Some readers charge through audiobooks like it’s their damn job. I forget audiobooks exist. If I had a long commute, maybe I would listen more. But I’m ten minutes from my office on a bad day. My current job requires just enough of my brain power and attention to make audiobook listening while I work difficult. So each month, I keep letting 15 hours of already paid for audiobook credits go to waste.
Enough is enough.
It’s June 18th and I have listened to only 3 out of 15 hours this month.
My plan renews on June 27th.
I have 9 days to listen to 12 hours of audiobooks.
Most of the 3 hours I’ve listened to already are the last few chapters of The Best Way to Bury Your Husband by Alexia Casale, the book my mystery book group read this month. I’d been reading the physical copy and was almost finished but was getting short on time to sit and read before our meeting, so I pulled up the audiobook to listen to on my daily walks.
Contrary to this kind of silly, tongue-in-cheek title, this book actually deals with the very serious topic of domestic violence, the subtle and subversive way husbands abuse wives, the more blatant ways too, that men hurt women. But the author handles this topic with care, with heart, with depth and empathy.
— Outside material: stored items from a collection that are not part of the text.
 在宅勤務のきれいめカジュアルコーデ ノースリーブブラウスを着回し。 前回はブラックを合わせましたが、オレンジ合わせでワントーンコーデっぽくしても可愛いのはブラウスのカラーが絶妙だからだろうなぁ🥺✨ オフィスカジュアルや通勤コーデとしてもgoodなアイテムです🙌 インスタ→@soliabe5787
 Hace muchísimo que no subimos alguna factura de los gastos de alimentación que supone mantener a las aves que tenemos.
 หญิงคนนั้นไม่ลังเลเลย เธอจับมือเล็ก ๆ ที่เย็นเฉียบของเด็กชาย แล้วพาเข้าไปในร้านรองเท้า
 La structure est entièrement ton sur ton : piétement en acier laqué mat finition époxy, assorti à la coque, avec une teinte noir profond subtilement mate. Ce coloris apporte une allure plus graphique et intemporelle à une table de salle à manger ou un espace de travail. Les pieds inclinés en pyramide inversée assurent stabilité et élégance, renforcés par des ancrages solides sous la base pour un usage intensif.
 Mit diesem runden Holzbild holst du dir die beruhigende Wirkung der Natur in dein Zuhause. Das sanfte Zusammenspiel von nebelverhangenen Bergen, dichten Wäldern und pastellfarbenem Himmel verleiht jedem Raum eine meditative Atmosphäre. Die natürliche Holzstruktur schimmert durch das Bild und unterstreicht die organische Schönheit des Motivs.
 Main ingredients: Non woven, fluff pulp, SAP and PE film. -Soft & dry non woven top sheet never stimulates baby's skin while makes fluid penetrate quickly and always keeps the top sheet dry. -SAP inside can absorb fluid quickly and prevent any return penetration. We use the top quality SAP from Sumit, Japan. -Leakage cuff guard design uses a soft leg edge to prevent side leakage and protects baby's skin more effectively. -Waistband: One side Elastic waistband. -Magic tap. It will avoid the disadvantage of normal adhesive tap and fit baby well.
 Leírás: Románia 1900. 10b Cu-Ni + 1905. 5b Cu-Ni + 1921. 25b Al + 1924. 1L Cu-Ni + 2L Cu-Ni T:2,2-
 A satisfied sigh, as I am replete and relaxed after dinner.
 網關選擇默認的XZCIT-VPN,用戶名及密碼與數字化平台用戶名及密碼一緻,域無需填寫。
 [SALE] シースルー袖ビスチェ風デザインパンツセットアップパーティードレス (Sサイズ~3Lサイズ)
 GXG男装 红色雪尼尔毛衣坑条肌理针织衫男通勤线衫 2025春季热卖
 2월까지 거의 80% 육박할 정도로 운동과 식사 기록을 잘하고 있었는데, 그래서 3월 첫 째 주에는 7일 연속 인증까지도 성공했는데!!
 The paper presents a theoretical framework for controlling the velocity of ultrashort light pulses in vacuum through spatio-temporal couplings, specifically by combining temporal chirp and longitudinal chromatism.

I can really only recommend this one if domestic violence isn’t triggering to you. There are some scenes and conversations that may be uncomfortable for some readers, but for me it didn’t feel gratuitous or flippant.
Okay, sure, the premise is a stretch—four women find themselves all with a body that needs burying and they band together to help each other out—but the author’s note reminds us that storytelling is exaggeration, often to make a point, or draw attention to a subject that may be uncomfortable to read about.
The moments of lightness in this book, of humor and friendship and shenanigans, balance out with the heavier topics and makes it accessible to most readers without making light of the real struggle and complicated nature of domestic violence.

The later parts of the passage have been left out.